| DATA SEGMENT |
###
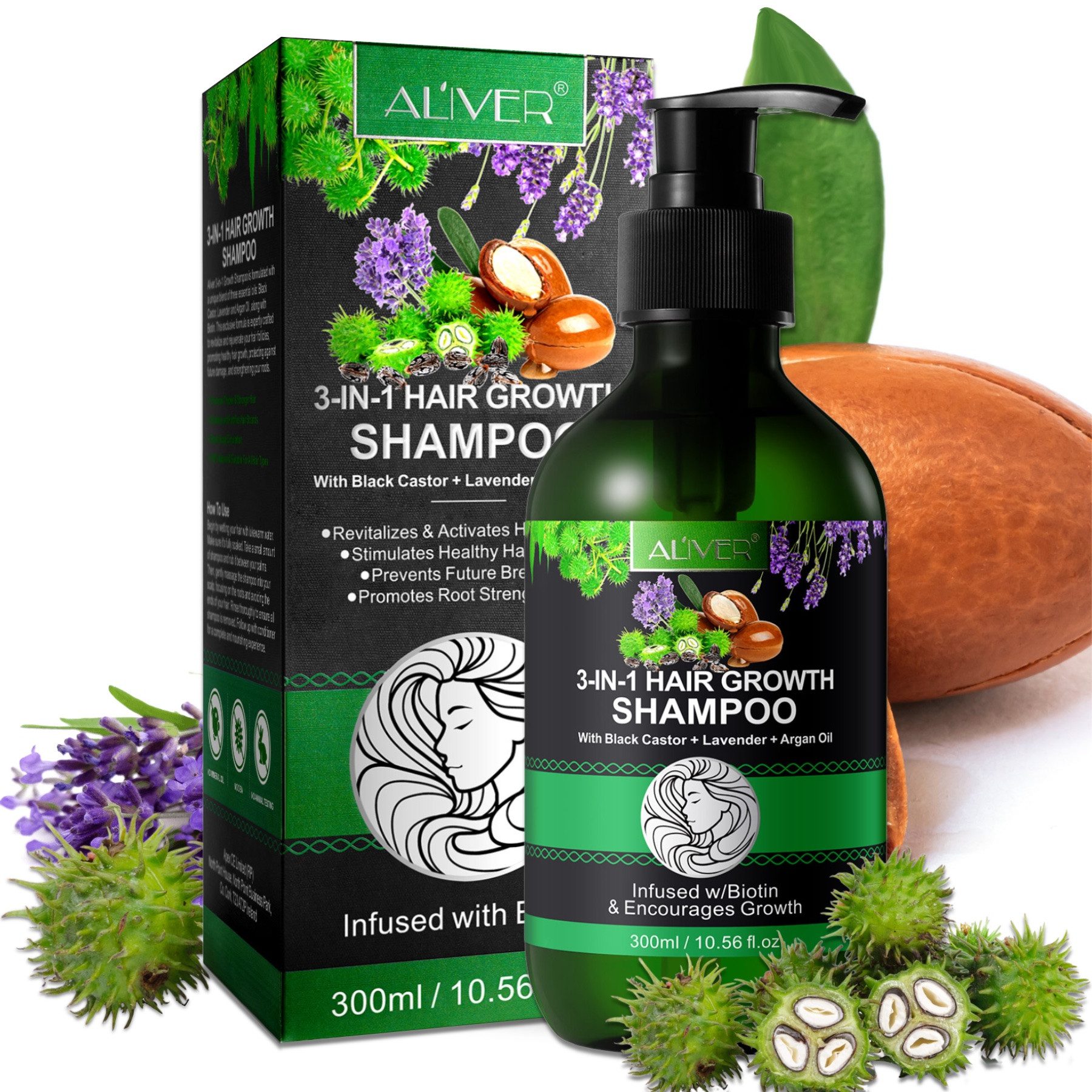 Aliver 3-in-1-Haarwachstumsshampoo enthält eine einzigartige Mischung aus drei ätherischen Ölen: jamaikanisches schwarzes Rizinusöl, Lavendel und Arganöl und ist außerdem mit Biotin angereichert. Diese exklusive Formel wurde speziell für diejenigen entwickelt, die sich glattes, kräftiges und gesundes Haar wünschen.
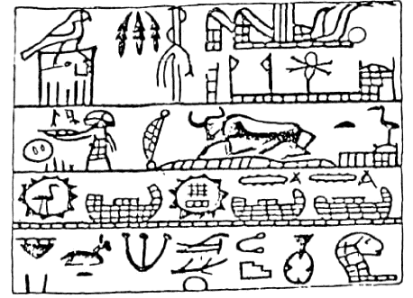 It begins with a crouching Horus-symbol which gazes toward the Land of the Date Palm where an unusual vessel with dredges or cranes (?) is situated, as well as a structure which is reminiscent of the Sumerian depiction of the name EN.LIL as a communications center (Fig. 52). A God greeting the Pharaoh, a bull and the Bird of Immortality are seen, followed by fortifications and an assortment of symbols. Finally, the symbol for "place" (tilted cross within a circle) appears between the sign for the Stairway and a sphinx looking the other way!
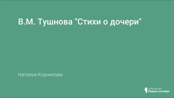 Данный урок проводился в четвертом классе по учебнику М.В. Головановой, В.Г. Горецкого, Л.Ф. Климановой во втором полугодии. В системе уроков чтения эти произведения В.Тушновой представлены в поэтической тетради «Мне вспомнились детства далекие годы…» наряду с другими известными поэтами: В.Я. Брюсовым, С.А. Есениным, Н.С. Гумилевым, М.И. Цветаевой, А.Т. Твардовским, Н.М. Рубцовым.
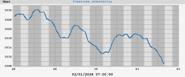 This week's max: 1023,7 mbar at 00:02 on lunedì
###
| EXERCISE INSTRUCTIONS |
Would you please set down the listing above exactly, minus its images?

| REPLY |
 Aliver 3-in-1-Haarwachstumsshampoo enthält eine einzigartige Mischung aus drei ätherischen Ölen: jamaikanisches schwarzes Rizinusöl, Lavendel und Arganöl und ist außerdem mit Biotin angereichert. Diese exklusive Formel wurde speziell für diejenigen entwickelt, die sich glattes, kräftiges und gesundes Haar wünschen.
 It begins with a crouching Horus-symbol which gazes toward the Land of the Date Palm where an unusual vessel with dredges or cranes (?) is situated, as well as a structure which is reminiscent of the Sumerian depiction of the name EN.LIL as a communications center (Fig. 52). A God greeting the Pharaoh, a bull and the Bird of Immortality are seen, followed by fortifications and an assortment of symbols. Finally, the symbol for "place" (tilted cross within a circle) appears between the sign for the Stairway and a sphinx looking the other way!
 Данный урок проводился в четвертом классе по учебнику М.В. Головановой, В.Г. Горецкого, Л.Ф. Климановой во втором полугодии. В системе уроков чтения эти произведения В.Тушновой представлены в поэтической тетради «Мне вспомнились детства далекие годы…» наряду с другими известными поэтами: В.Я. Брюсовым, С.А. Есениным, Н.С. Гумилевым, М.И. Цветаевой, А.Т. Твардовским, Н.М. Рубцовым.
 This week's max: 1023,7 mbar at 00:02 on lunedì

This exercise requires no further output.